> **Exercise goal**
Return the run of lines below that opens with the line containing "- IN-HOUSE DESIGN: The" and closes with the line containing "SALE YACKALASI 1", keeping each one exact.

━━━ Data records

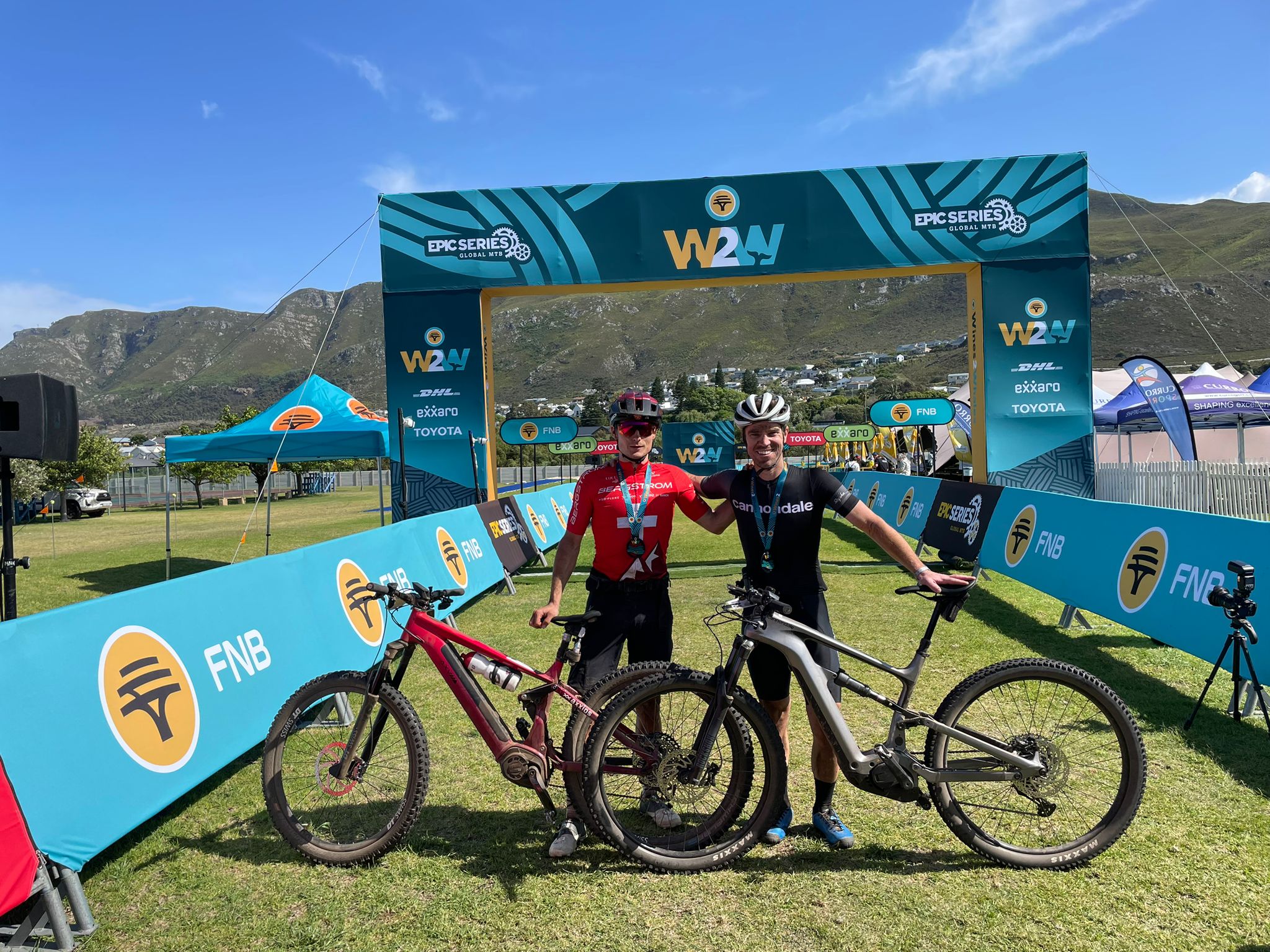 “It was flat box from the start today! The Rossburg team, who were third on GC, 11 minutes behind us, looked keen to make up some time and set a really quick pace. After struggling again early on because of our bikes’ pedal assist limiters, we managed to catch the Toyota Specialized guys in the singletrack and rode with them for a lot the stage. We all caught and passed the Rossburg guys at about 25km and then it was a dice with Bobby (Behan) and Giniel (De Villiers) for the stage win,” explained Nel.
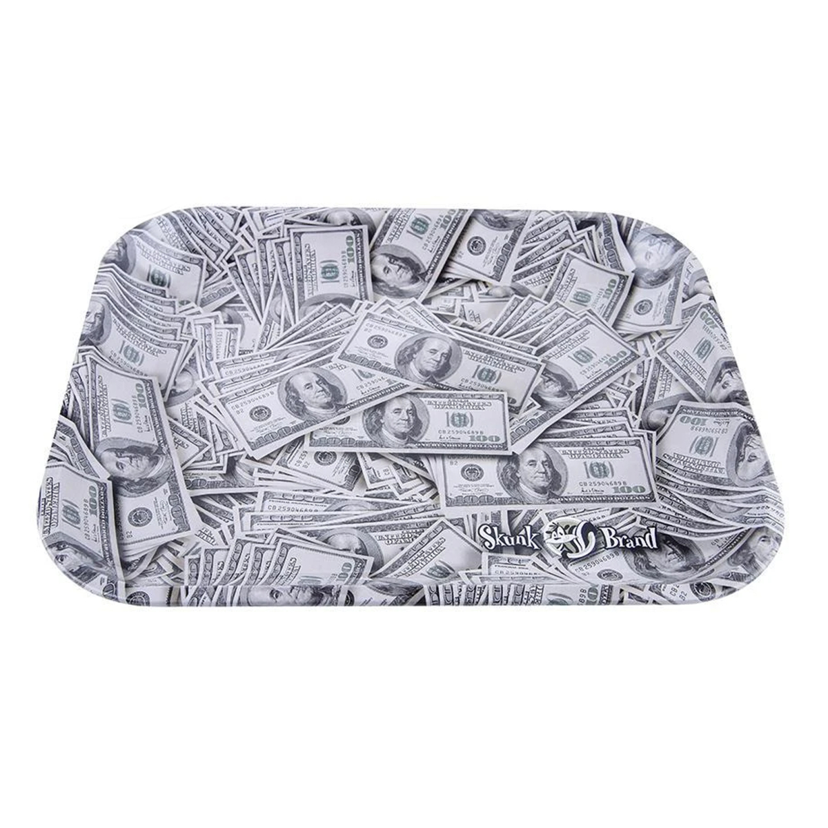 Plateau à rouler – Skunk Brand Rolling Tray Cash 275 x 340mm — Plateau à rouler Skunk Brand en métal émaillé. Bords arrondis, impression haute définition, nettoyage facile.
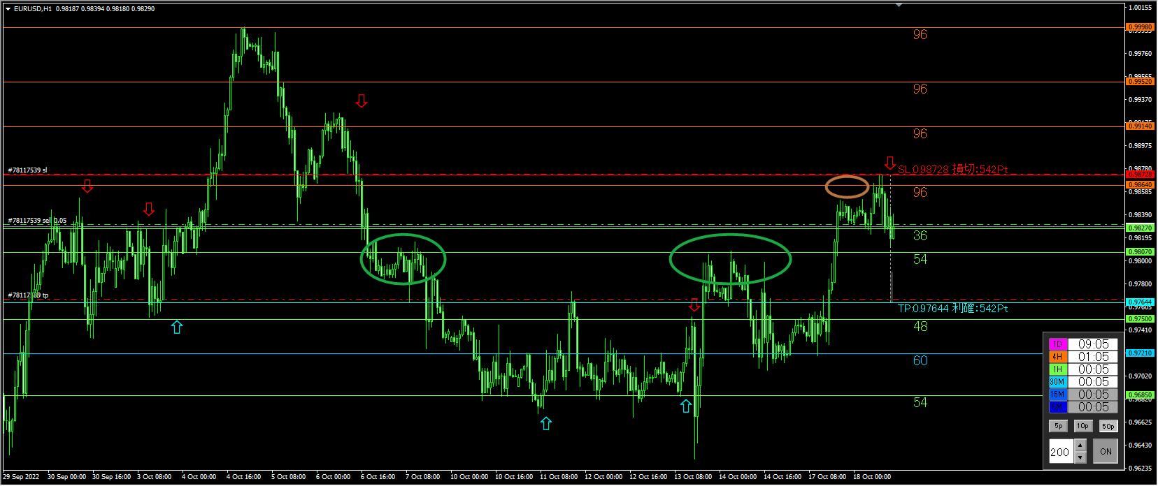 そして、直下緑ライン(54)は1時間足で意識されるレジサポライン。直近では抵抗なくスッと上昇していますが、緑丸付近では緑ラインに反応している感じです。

━━━━━━
━━━ Data records

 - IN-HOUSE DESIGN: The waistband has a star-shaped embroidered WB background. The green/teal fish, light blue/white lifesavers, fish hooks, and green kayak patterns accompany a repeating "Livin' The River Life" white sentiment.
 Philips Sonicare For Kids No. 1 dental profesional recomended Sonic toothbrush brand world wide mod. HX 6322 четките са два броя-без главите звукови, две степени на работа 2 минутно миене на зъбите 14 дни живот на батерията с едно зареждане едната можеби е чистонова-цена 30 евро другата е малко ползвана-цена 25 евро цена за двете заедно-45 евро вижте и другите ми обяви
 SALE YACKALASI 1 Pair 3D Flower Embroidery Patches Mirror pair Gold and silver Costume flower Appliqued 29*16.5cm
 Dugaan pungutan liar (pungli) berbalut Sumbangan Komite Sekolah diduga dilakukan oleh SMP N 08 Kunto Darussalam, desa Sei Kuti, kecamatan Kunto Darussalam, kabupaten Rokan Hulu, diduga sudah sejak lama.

━━━━━━

> **Solved problem**
 - IN-HOUSE DESIGN: The waistband has a star-shaped embroidered WB background. The green/teal fish, light blue/white lifesavers, fish hooks, and green kayak patterns accompany a repeating "Livin' The River Life" white sentiment.
 Philips Sonicare For Kids No. 1 dental profesional recomended Sonic toothbrush brand world wide mod. HX 6322 четките са два броя-без главите звукови, две степени на работа 2 минутно миене на зъбите 14 дни живот на батерията с едно зареждане едната можеби е чистонова-цена 30 евро другата е малко ползвана-цена 25 евро цена за двете заедно-45 евро вижте и другите ми обяви
 SALE YACKALASI 1 Pair 3D Flower Embroidery Patches Mirror pair Gold and silver Costume flower Appliqued 29*16.5cm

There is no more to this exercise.